Alec Dempster; Maiz Moderno, 2006

The Mayan relationship to the earth is an attractive religious trend, and extremists are already selling stories to the media. Turns out, a lot of people believe that the Mayan Calendar predicts the end of the world to be in December of next year, 2012. But, according to this article:

"University of Florida anthropologist Susan Gillespie says the 2012 phenomenon comes from media and from other people making use of the Maya past to fulfill agendas that are really their own."

Basically, the media made it up to further current political agendas. The Mayan calendar does not predict the end of the world at all. But! The Mayan New Year is definitely a time of rebirth, cosmically speaking. And this year, we felt it for sure.

More specifically, two of my closest friends (along with a bunch of other folks in the community) are going through totally epic, long term relationship break-ups. Nothing puts a band-aid on the situation better than mani-pedis and tequila! So, we swooped up my recently singled bestie and went to the East Bay's favorite Mexican spot, Dona Thomas.

At first glance, this place is kick ass. The menu is killer. Its also entirely based on corn, and anything that has dairy in it is clearly stated in the descriptions. This is great because it means that my friend (who is deathly allergic to dairy) and I won't have to ask a million questions about all the food. Also, I can eat all but two things they serve. Jackpot.

But as I ate, I realized that these folks are not nailing the basics at all! Housemade tortillas, not amazing. Refried black beans, ok. Guac, ok. Ceviche, ok. I mean, B-A-S-I-C-S. To me, if you chef a restaurant under the slow food umbrella in Oakland, your basics should be the best ever. I've had better refried beans at crappy taco stands. What happened here?!

So, we tried again a couple nights later at the Haight's gem, Nopalito. Jesus, what a place. My bestie and I had yet another amazing not-having-to-ask-a-bunch-of-questions moment with the Nopalito menu. Jackpot, Part 2. Also, I was staring down the barrel of several high-end mezcals. Oh man.

mezcal selection, nopalito

I love mezcal. Its like drinking a tequila soaked leather boot, in a good way. It's like chipotle pepper on acid and somehow contained in a glass. Its Mexico's answer to a good whiskey. In fact, as food trends tend toward more soulful and heritage foods, mezcal might slip into the whisky spotlight for a bit.
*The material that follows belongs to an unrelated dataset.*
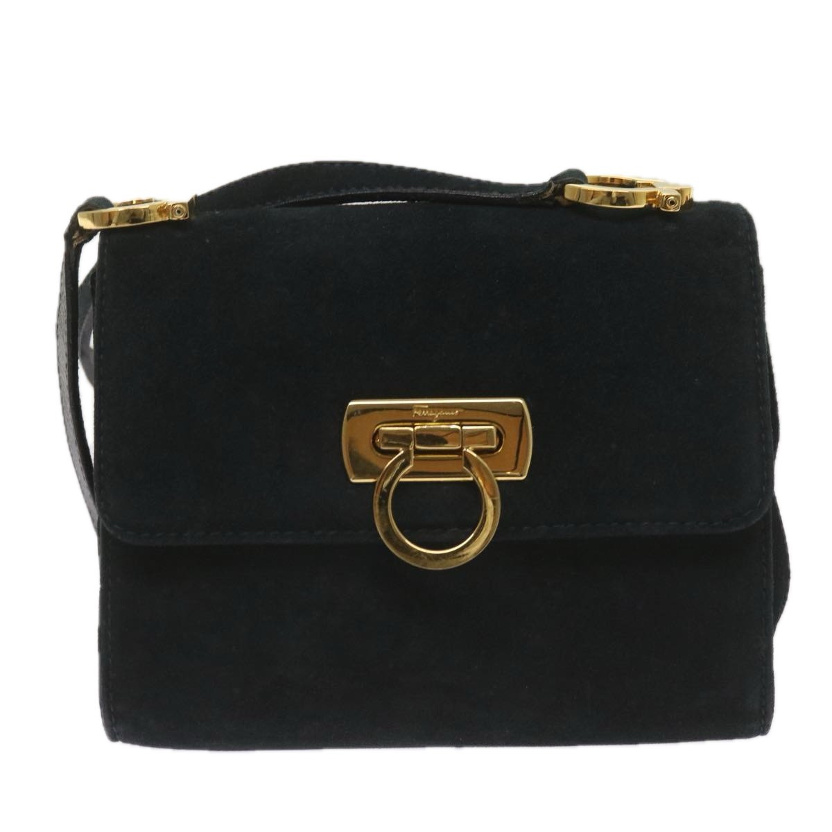 Salvatore Ferragamo Gancini Shoulder Bag Black Mini Suede

We were corralled into this semi awkward area between the register and the really tiny dinning room for probably 45 minutes. But! Who cares when you are swigging Palomas (a fizzy, grapefruit and tequila cocktail that they make with mezcal) like it really is the end of the world. The bartender was total ham. He probably once had to display "flair" at work, but (as a former Starbucks-er) who am I to judge?

mezcal paloma, nopalito

We sat down and promptly ordered almost everything on the menu. Our server said, "that's a lot of food." I know it is. I was hoping to have leftovers. Instead, I hurt myself eating it all. It was so good that I don't even remember what I ordered. I had a gordita, with beef. Something with squash blossoms, and... I ate it all.

gordita, nopalito
Gordita

They nail the basics. The house made tortillas are made from house made masa. That means, they start with an ear of corn. They cook it, dry it and grind it into flour. Then they make tortillas, chips, gorditas and everything else on the menu from something that grows out of the earth, not something that comes in a box or a bag.

taquitos, nopalito
Taquitos

I literally dream of eating at this place. And, even though I don't want to admit it, my neighborhood slow food Mexican place is nothing in comparison to Nopalito.

squid ceviche, nopalito
Squid ceviche

the lovely open kitchen, nopalito
Open kitchen


nopalito
Salted rims

nopalito
Taking names

The Mayan corn gods would be pleased.